Last year, Gov. Jay Nixon vetoed a tax-cut measure that would have reduced corporate taxes as well as providing an across-the-board cut in income tax rates.
"The Republican train of thought is that if we cut taxes for the super-rich and the job creators that then it will trickle down. We don't believe that," said House Democratic Leader Jake Hummel, D-St. Louis City. "We think that by raising people's wages and their standard of living, that that actually helps the job creators. It puts more money into the pocket of every-day Missourians and it allows them purchase the products they then make."
But one of the Senate sponsors of the Republican's approach to tax cuts said taxing the higher income could hurt the state's economy.
"Raising taxes on the higher income, those are the job creators. Those are the small business owners," said Sen. Will Kraus, R-Jackson County. "If you raise taxes on them, some of them might decide that the taxes are too high and go over to Kansas where they have no taxable income."
Kraus's bill is scheduled for a hearing before the Senate Ways and Means Committee Thursday.
Under his plan, a cut in the income tax rate would be phased in for everyone making more than $9,000 in taxable income -- eventually dropping the tax rate from six percent to five percent over a period of ten or more years.
The measure also contains a phased-in reduction in the income taxes paid by an individual on income from business interests eventually cutting the tax in half. In any one year, the drop in the tax rate would occur only if state tax collections had risen by at least $100 million in any of the prior three years.
In addition, the bill would raise personal income deduction from $2,100 to $3,100 for a taxpayer earning less than $20,000 in taxable income and the taxpayer's spouse -- essentially exempting that amount from the state income tax.

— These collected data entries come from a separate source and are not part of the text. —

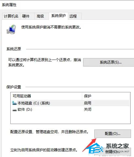 3、打开后找到你想要还原的驱动器,一般是还原系统盘c盘,选中后单击“配置”打开。
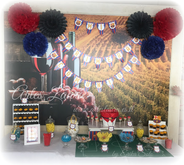 En este caso es un candy bar o mesa dulce para primera comunión, me dijeron que lo querían del futbol club barcelona y el libro de firmas a juego...
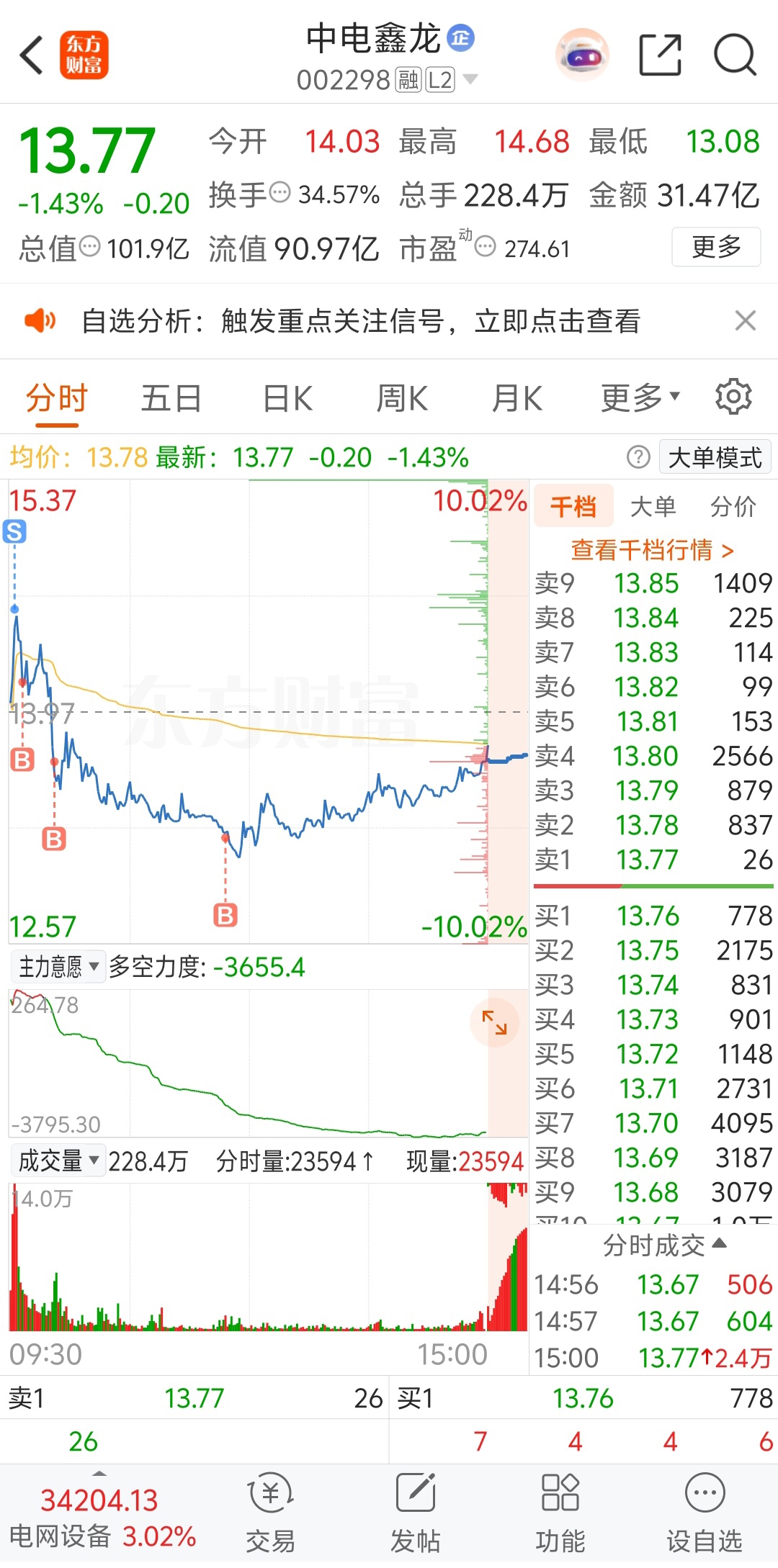 $中电鑫龙(SZ002298)$ 今天这操作不知道是福是祸,静待明天开盘

Missouri's income tax rates have not been increased since Gov. Warren Hearnes called the legislature into a special session in 1970 to raise taxes after his initial tax-increase bill passed by the legislature was rejected by Missouri voters.
Sen. Maria Chappelle-Nadal, D-St. Louis County, introduced a resolution of remonstrance Tuesday, Jan. 14, calling on Education Commissioner Chris Nicastro to resign.

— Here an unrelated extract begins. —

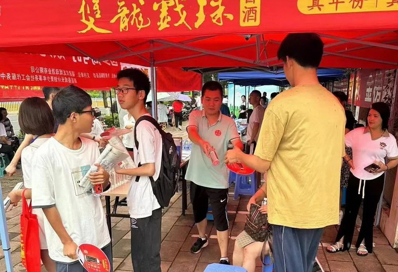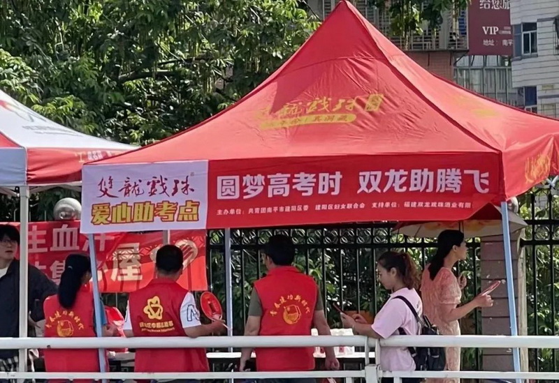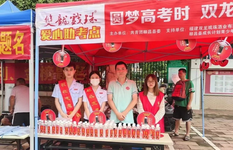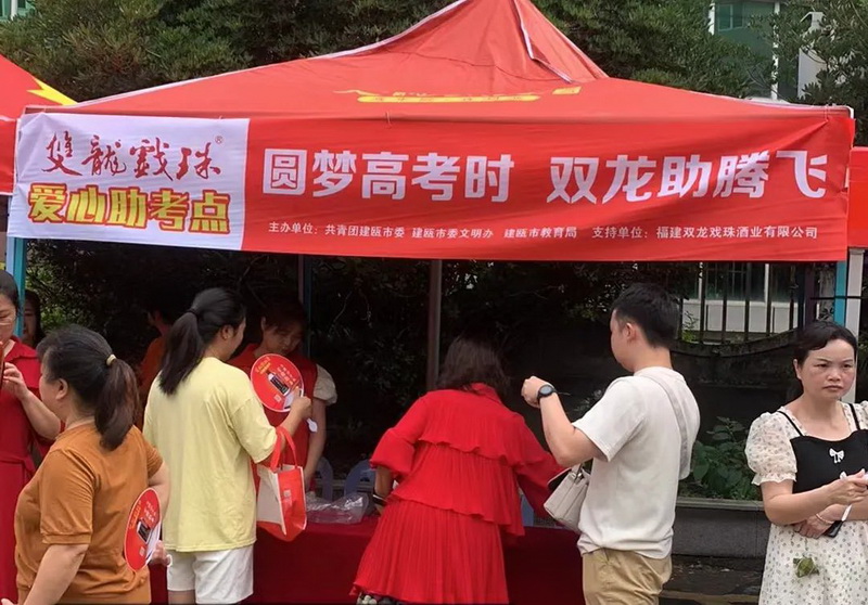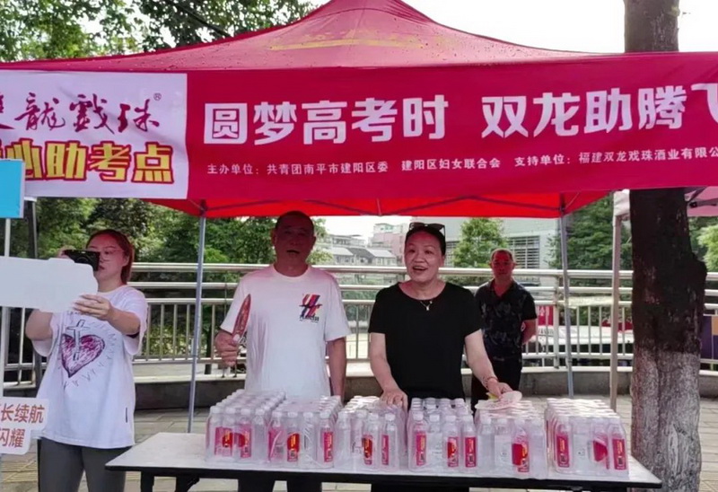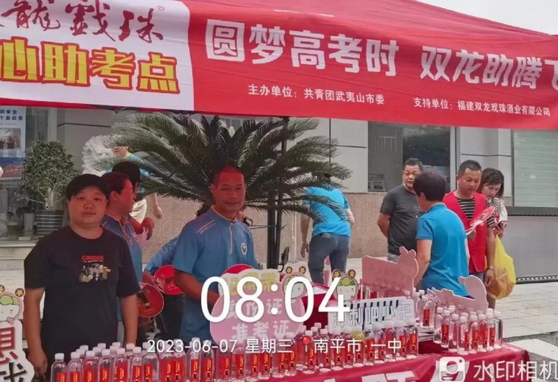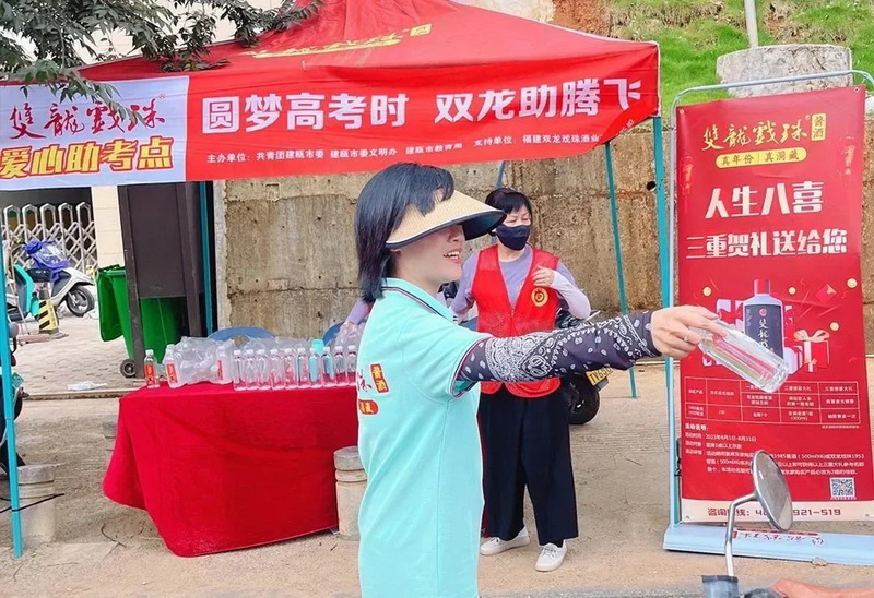 雙龍戲珠酒業(yè)在南平市各(縣、市)考點(diǎn)共設(shè)立12個愛心助考點(diǎn),提供免費(fèi)飲用水、扇子、防暑用品等物資,供考生和家長免費(fèi)領(lǐng)取。通過細(xì)致熱情的服務(wù),舒緩考生、家長緊張的心情,用行動詮釋“愛心助考”,為考生加油。

If Nicastro refuses, the remonstrance calls on the state Board of Education to fire Nicastro.
The remonstrance cites several items including advice Nicastro offered to a group sponsoring an initiative petition to eliminate teacher tenure and her efforts in recruiting a private consulting company to provide advice on dealing with unaccredited school districts.
The resolution also cites decisions by the Education Board in stripping accreditation from the Kansas City School District and the Normandy School District in St. Louis County.

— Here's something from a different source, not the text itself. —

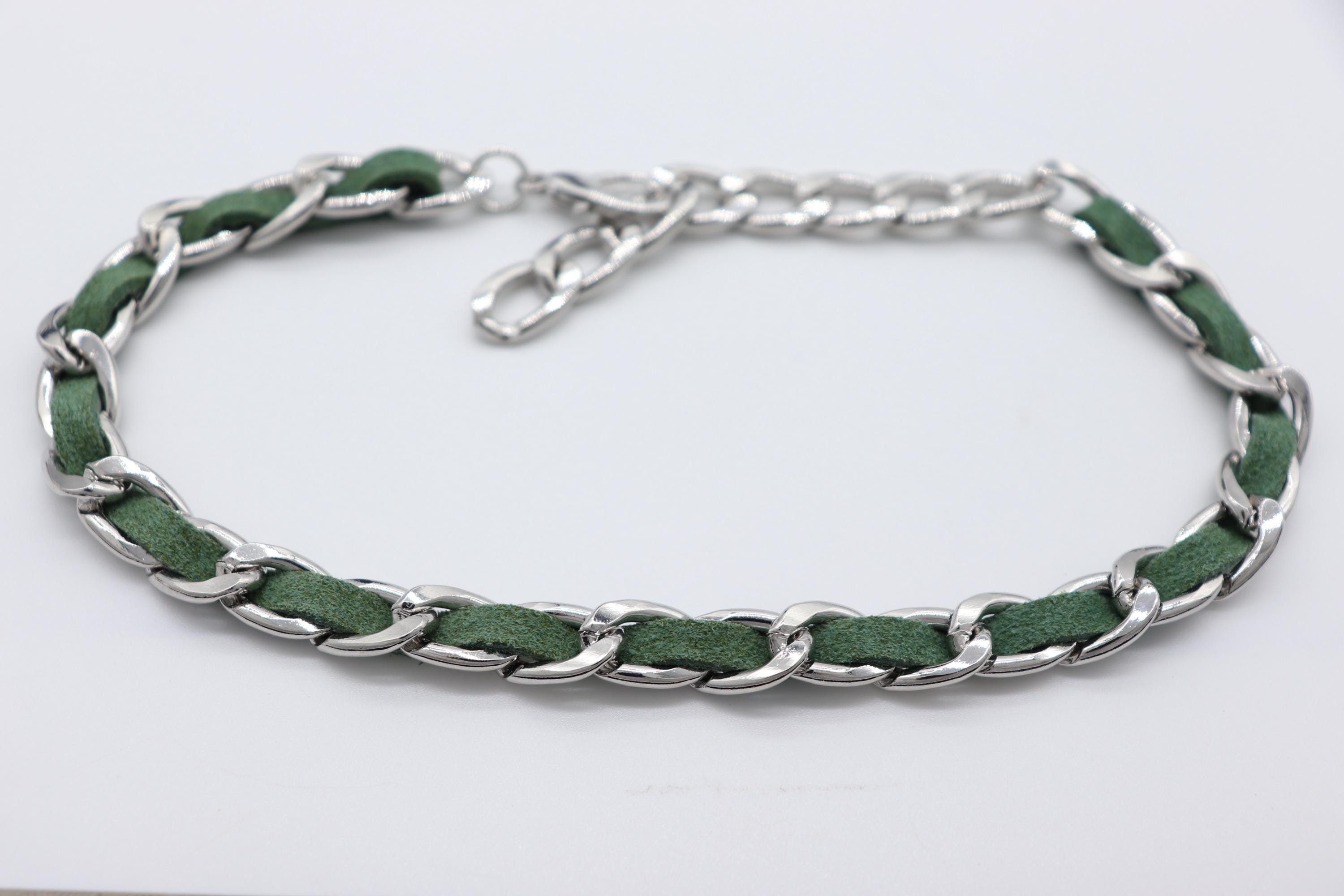 Women’s Boot Chain Anklets – Pair – Silver-Tone Curb Chain Woven with Green Faux Leather – Adjustable 12–15 in – Western / Cowgirl / Biker Boot Jewelry – Handmade in USA – Limited Edition (BC49)

The Senate took no immediate action on the remonstrance that was assigned to the Senate Rules Committee.
Proponents and opponents spent hours Monday arguing before the House Workforce Development Committee legislation to give workers the right to refuse to join unions.
The measure, termed "right to work" by supporters, would prohibit any contract that requires a worker to join a union or pay union fees to obtain or continue employment.
Proponents of the bill argued the measure would make Missouri more competitive in attracting businesses from other states that prohibit forced-union membership.
But St. Louis Mayor Francis Slay told the committee that other factors are more significant in decisions by business in choosing a location.
"Competitive businesses don't go to the cheapest places," Slay said. "They go to the best places -- the places with skilled labor, quality of life, world-class universities, a good transportation system."
On the other side, supporters portrayed the bill as one providing choice and more freedom for workers.
"I believe that we must uphold their right to join a union, join a competing union or not join one at all," said the bill's sponsor, Rep. Eric Burlison, R-Springfield.
For the last several years, divisions within Missouri's business community over "right to work" has contributed to legislative inaction on the proposal.